Japan has already ended national population growth and has not needed to enforce the reduction of births to 1 per family and has a more reasonable 1.4 average births per women.
How?
The secret is Japan achieved this by starting to reduce family sizes even earlier than China. While the two children per family model can take 3 generations, 1.4 children per family does reach the target of stopping growth much sooner and has the benefit that remaining at that level can provide a period of population correction. Note Japan has already had around 40 years of a decreasing number of children born every year.
The graphs on this page tell the story of ending population growth:
- 1960s world graph from the time of fast growth.
- 2020 world graph from the start of ‘peak child’.
- 2020 Japan graph with population correction starting, after 40 years of reduced birth rates.
The big difference between Japna and China, is that while China implemented a “one child” policy the people did not necessarily agree with, the birth-rates in Japan feel without any direct government planning. In fact, this has been happening globally, without even any official explanation that fits with what is happening.
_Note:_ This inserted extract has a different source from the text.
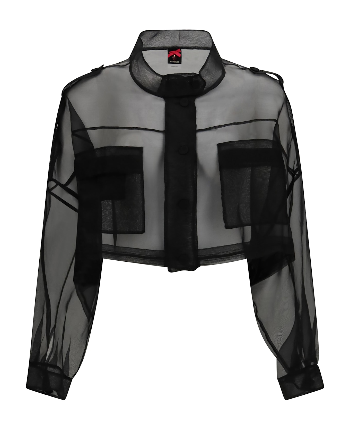 The cropped jacket with pockets by pinko delivers a contemporary expression of femininity through a clean and refined construction. crafted from silk, it features a front button closure that creates a compact, streamlined line. chest patch pockets add a functional detail to the design, while the cropped cut enhances the silhouette with modern balance. a piece designed to elevate the wardrobe with lightness and character.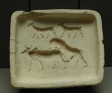 The first evidence of baking occurred when humans took wild grass grains, soaked them in water, and mixed everything together, mashing it into a kind of broth-like paste.[3] The paste was cooked by pouring it onto a flat, hot rock, resulting in a bread-like substance. Later, when humans mastered fire, the paste was roasted on hot embers, which made bread-making easier, as it could now be made any time fire was created. The world's oldest oven was discovered in Croatia in 2014 dating back 6500 years ago. The Ancient Egyptians baked bread using yeast, which they had previously been using to brew beer.[4] Bread baking began in Ancient Greece around 600 BC, leading to the invention of enclosed ovens.[4] "Ovens and worktables have been discovered in archaeological digs from Turkey (Hacilar) to Palestine (Jericho (Tell es-Sultan)) and date back to 5600 BC."[5]

So, when will populating growth end then?
The accepted number crunching.
The graph here show actually births vs deaths up to 2020, and estimates into the future. Of course, the future is not locked in, and the entire premise is what is needed to create a specific, and different, future.
From the data, in 2020, globally there were 140 million births and 59 million deaths, which is a population increase of 81 million! Even halving the number of children born would not stop population growth immediately, even though ‘births per woman‘ is less than 2.4.
How does this make sense?
The births were children born to parents centred around the 25–29-year age group, and the deaths were to people centred around the 75–79-year age block. Yes, there are parents and deaths from outside these age blocks, but as the median age group, these blocks give the best indication of the relative sizes of the group typical of children, vs the group with an age most typical of those dying.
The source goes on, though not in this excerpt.